Something has come into her life these brief, bright summer days that she knew not of in the old days--even love.
"After to-morrow I shall never see him again," she says to herself with patient gravity, and there comes to her a shamed remembrance of his words that morning: "After to-morrow I shall be forever out of reach of your shrill voice and scolding tongue."
"Forever!" The word, never dwelt upon before, acquires a strange, terrible meaning in her thoughts. She realizes, with a gasp of terror, what Maud's lover really is to her. Though she has gibed him, teased him, pitilessly derided him, she has given him her whole, foolish, girlish heart. She flushes hotly with a passionate shame.
"I love him--when he will be Maud's husband in less than an hour!" she cries to herself. "For shame, Reine Langton. Shake off this disgraceful weakness, and be your own brave self again."
There is a tap at the door, unheeded and unheard in her preoccupation.
It opens, and the house-maid enters, flurried and excited.
Reine starts up in a panic and looks at the clock.
"Oh, dear, it is past the time," she cries. "How could I be so careless? Are they all waiting for me, Mary?"
"No, Miss Langton--leastways I don't think they need you."
"Not need me? What do you mean? Isn't the bride dressed yet?"
"No, miss--yes, miss--that is, I don't quite know. _She's_ run away," the girl stammers, blankly.

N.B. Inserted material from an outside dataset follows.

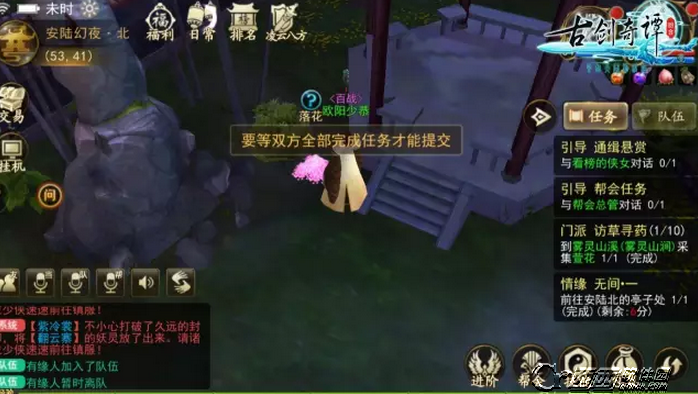 有些任务需要双方全部完成,才能提交,然后继续进行其他任务,如果有一方完成任务,另一方没有完成,没有完成任务的玩家会收到提示,告知另一半在等他完成任务。

"Who has run away?" Reine demands, sharply.
"The bride--Miss Maud," is the startling reply.
"Where has she gone? What for?" Reine demands, inelegantly, in the shock of her great surprise.
"To marry her old lover, Mr. Clyde, that she loved, and she couldn't love Mr. Charteris, miss," said the house-maid, succinctly.
There is a moment's silence. Reine drops back into a chair, dazed with the suddenness of the news.
"You see she left a little note to her uncle, miss, to let him know where she'd gone, and the old gentleman's that mad, miss, he up and swore bad enough to lift the roof off!"
There is a quick, startling rap at the door. Mary runs to open it in a hurry, and Reine glances up with dark, anxious eyes.
The next instant she starts to her feet with a smothered cry.
On the threshold stands Vane Charteris, pale as death itself, but superbly handsome in the customary suit of solemn black that makes gentlemen appear like mourners on all festive occasions.